INFORMATION GIVEN:

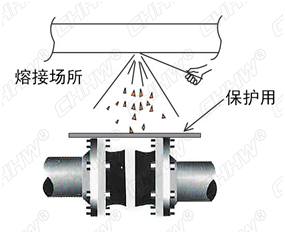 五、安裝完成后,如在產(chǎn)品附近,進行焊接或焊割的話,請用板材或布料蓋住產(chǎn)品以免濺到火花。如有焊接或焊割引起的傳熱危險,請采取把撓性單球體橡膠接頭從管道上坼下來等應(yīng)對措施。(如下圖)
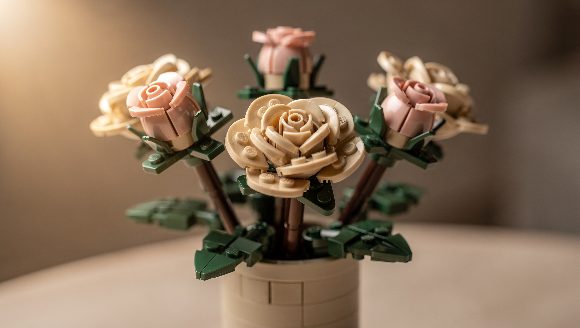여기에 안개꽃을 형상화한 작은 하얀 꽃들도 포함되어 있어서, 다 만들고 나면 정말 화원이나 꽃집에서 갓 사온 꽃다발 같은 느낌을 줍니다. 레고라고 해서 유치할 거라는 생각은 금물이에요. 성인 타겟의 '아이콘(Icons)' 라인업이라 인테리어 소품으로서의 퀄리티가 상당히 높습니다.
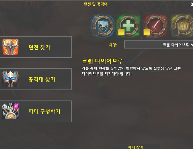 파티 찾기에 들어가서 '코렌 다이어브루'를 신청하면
...
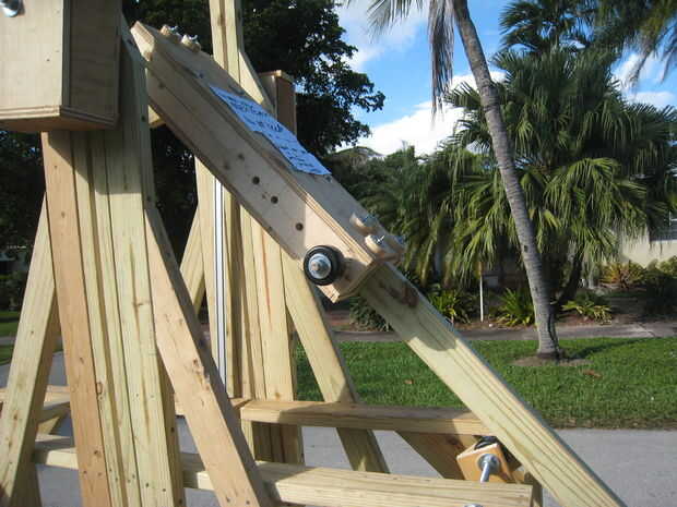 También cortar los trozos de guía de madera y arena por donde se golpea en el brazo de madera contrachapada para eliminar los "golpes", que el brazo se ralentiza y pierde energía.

WORK TASK: Copy everything above from the line holding "五、安裝完成后,如在產(ch" down to the line holding "파티 찾기에 들어가서 '코렌 다이어브루'를 신청하면", both ends included, exactly as it stands and without the pictures.

RESULT FOR THIS TASK:
 五、安裝完成后,如在產(chǎn)品附近,進行焊接或焊割的話,請用板材或布料蓋住產(chǎn)品以免濺到火花。如有焊接或焊割引起的傳熱危險,請采取把撓性單球體橡膠接頭從管道上坼下來等應(yīng)對措施。(如下圖)
여기에 안개꽃을 형상화한 작은 하얀 꽃들도 포함되어 있어서, 다 만들고 나면 정말 화원이나 꽃집에서 갓 사온 꽃다발 같은 느낌을 줍니다. 레고라고 해서 유치할 거라는 생각은 금물이에요. 성인 타겟의 '아이콘(Icons)' 라인업이라 인테리어 소품으로서의 퀄리티가 상당히 높습니다.
 파티 찾기에 들어가서 '코렌 다이어브루'를 신청하면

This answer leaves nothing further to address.